Go read the whole piece, does reveal that Fauci was and still is the man of the COVID hour.
And of those ‘current circumstances‘ he referred to was, of course, the shit with T-Rump and his insane, violent and dangerous MAGA hatters — a direct result was the needless death of hundreds of thousands of Americans.
In that context, I don’t think T-Rump will ever suffer any consequences of what he did (and did not do) in the pandemic. The British medical journal the Lancet, however, last February published an evalustion of the early COVID resonse — it sucked on the T-Rump:
“Many of the cases and deaths were avoidable. Instead of galvanizing the U.S. populace to fight the pandemic, President Trump publicly dismissed its threat (despite privately acknowledging it), discouraged action as infection spread, and eschewed international cooperation. His refusal to develop a national strategy worsened shortages of personal protective equipment and diagnostic tests. President Trump politicized mask-wearing and school reopenings and convened indoor events attended by thousands, where masks were discouraged and physical distancing was impossible.”
And: ‘The result, the Lancet notes, is more than 450,000 deaths where “about 40 percent of which could have been averted had the U.S. death rate mirrored the weighted average of the other G7 nations.”‘
On the head of that piece-of-shit T-Rump.

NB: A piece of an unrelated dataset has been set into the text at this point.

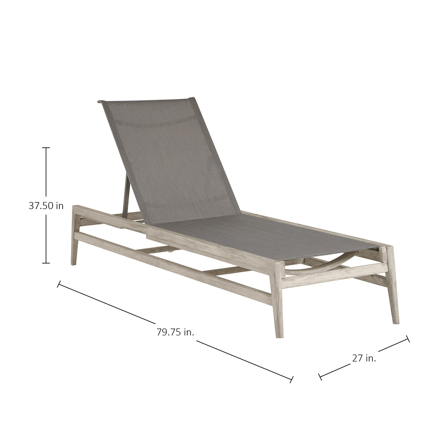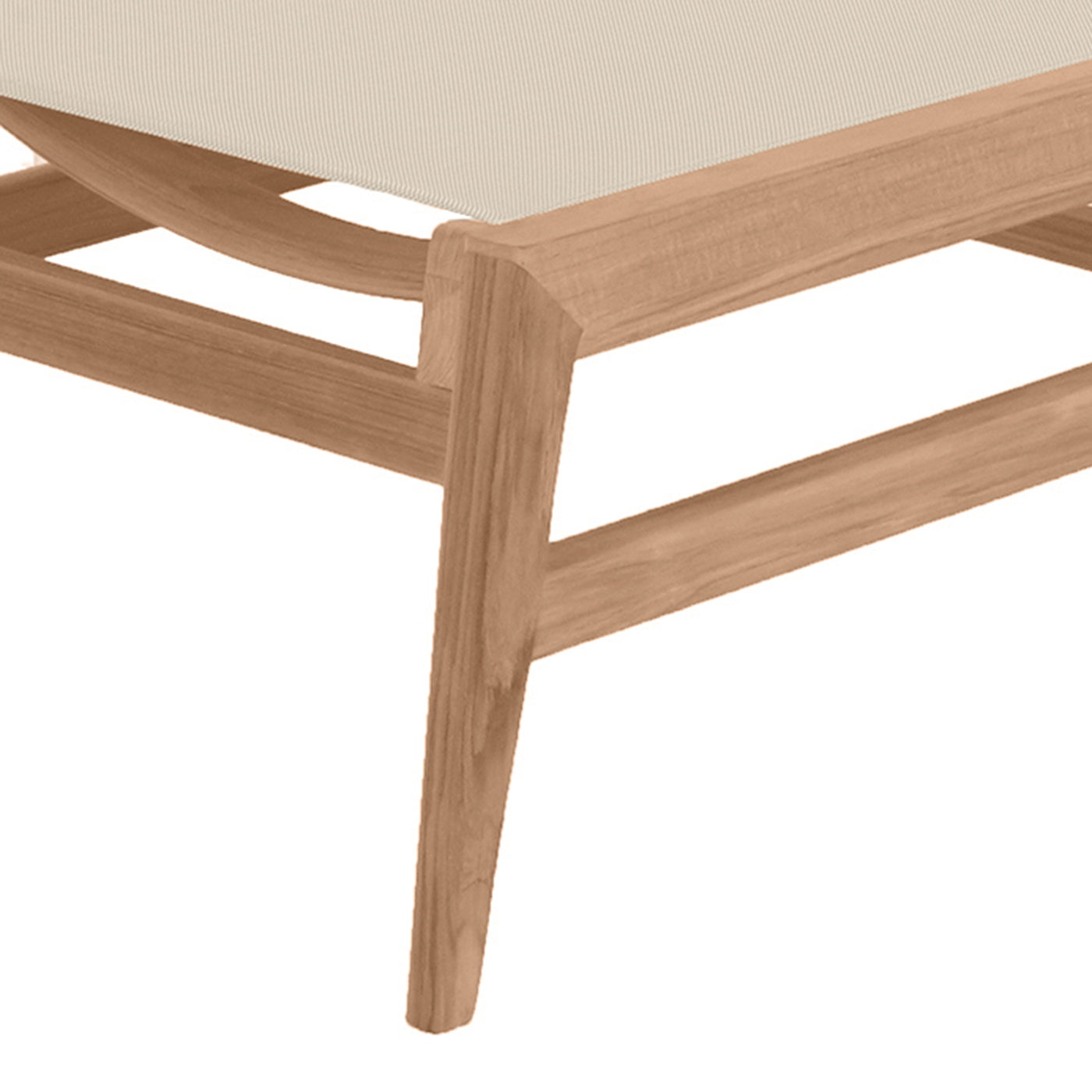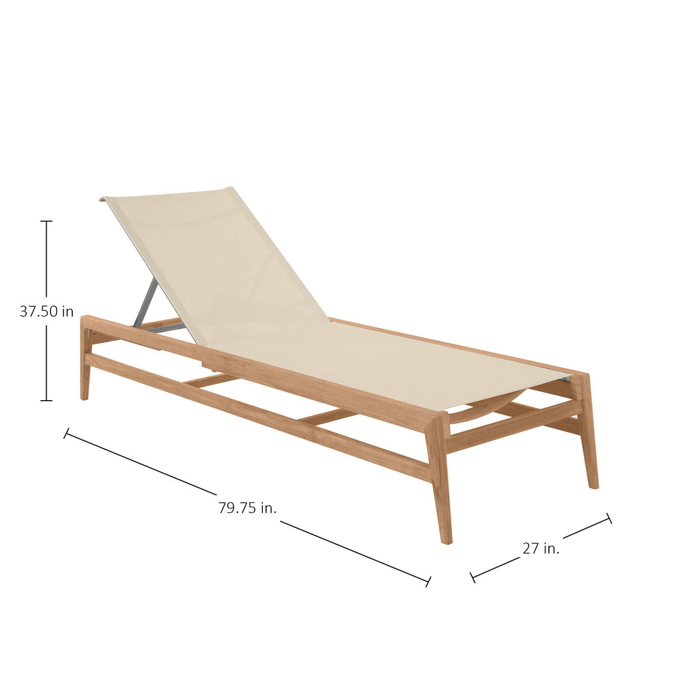 The Coast Teak Chaise epitomizes relaxed sophistication, inviting you to recline in style and comfort. Made from sustainably harvested Indonesian teak known for its weather-resistant qualities and natural patina that develops over time, this chaise lounge pairs beautifully with the durable and quick-drying Batyline™ Outdoor Performance Sling. Perfect for those who appreciate the enduring quality and want the option to maintain the teak's golden hue with regular care, or let it age gracefully for a more weathered appearance.
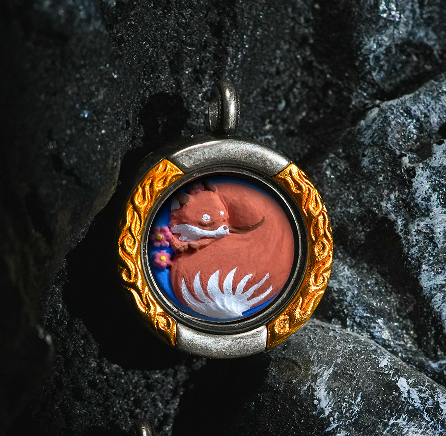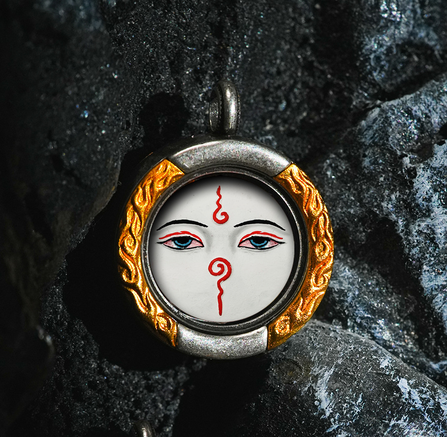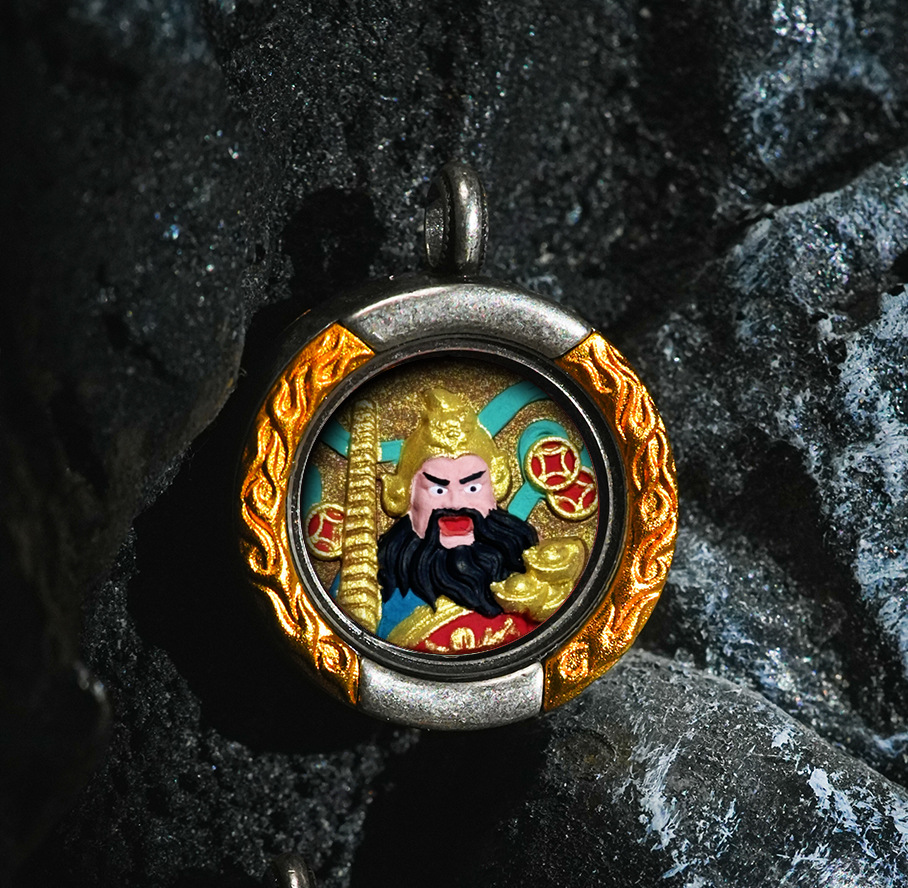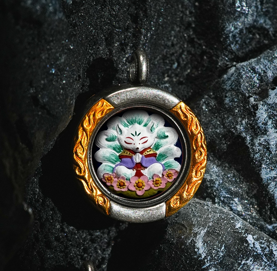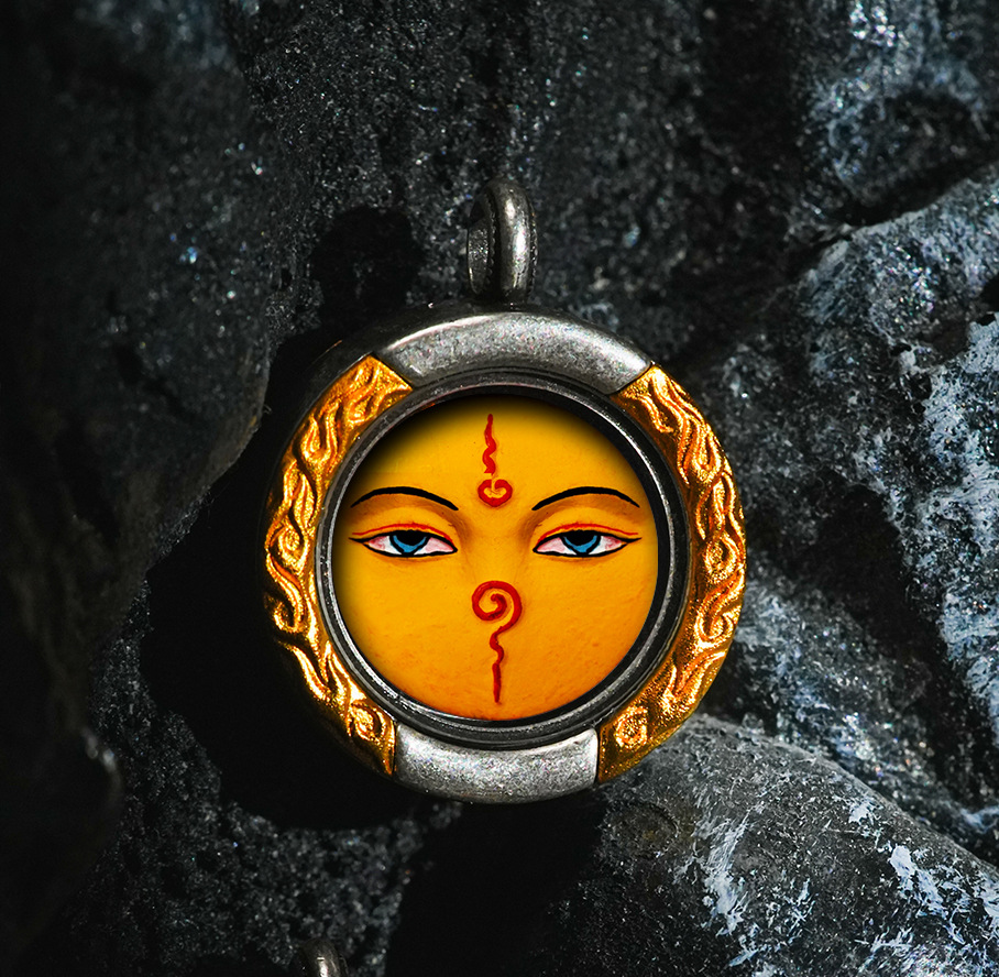 新非遗手绘上色陶泥擦擦唐卡黄铜火焰纹圆形狮子嘎乌盒吊坠复古绳

Another source of T-Rump’s virus shit comes from “The Plague Year: America in the Time of Covid,” by Lawrence Wright, Pulitzer Prize-winning staff writer for The New Yorker.
‘The Plague Year‘ factually and unwaveringly examines America’s take on the virus — although just about no one in the US government gets away unscathed, the featured point on the whole scenario from a review in the Guardian yesterday:
He (T-Rump) set individual states to bid against each other for PPE, as though they were procuring it from eBay. He ignored his government’s advice and almost certainly became a super-spreader of the virus within the White House.
And, as Wright reminds us, he even went so far as to rally support for the fight against Covid by visiting a mask factory — while not wearing a mask!He also appointed questionable officials who ended up running critical health institutions during the pandemic.
Robert Redfield, for example, former director of the Centers for Disease Control and Prevention (CDC), is a man who at one stage refused to support the use of condoms during the Aids crisis, insisting instead on sexual abstinence.
And here we are…
This is my favorite of the T-Rump mugs, though, ‘favorite‘ does not mean in any form or fashion, as in, ‘my favorite movie,’ or ‘my favorite song.’
It’s more of an anti-appreciation/like.
And aptly titled, ‘Basic Shapes,‘ by caricaturist/illustrator Chong Jit Leong (and found here), and displays the elemental form of a purloined sociopath — a bloated profile of flatulent bile and arrogant ignorance.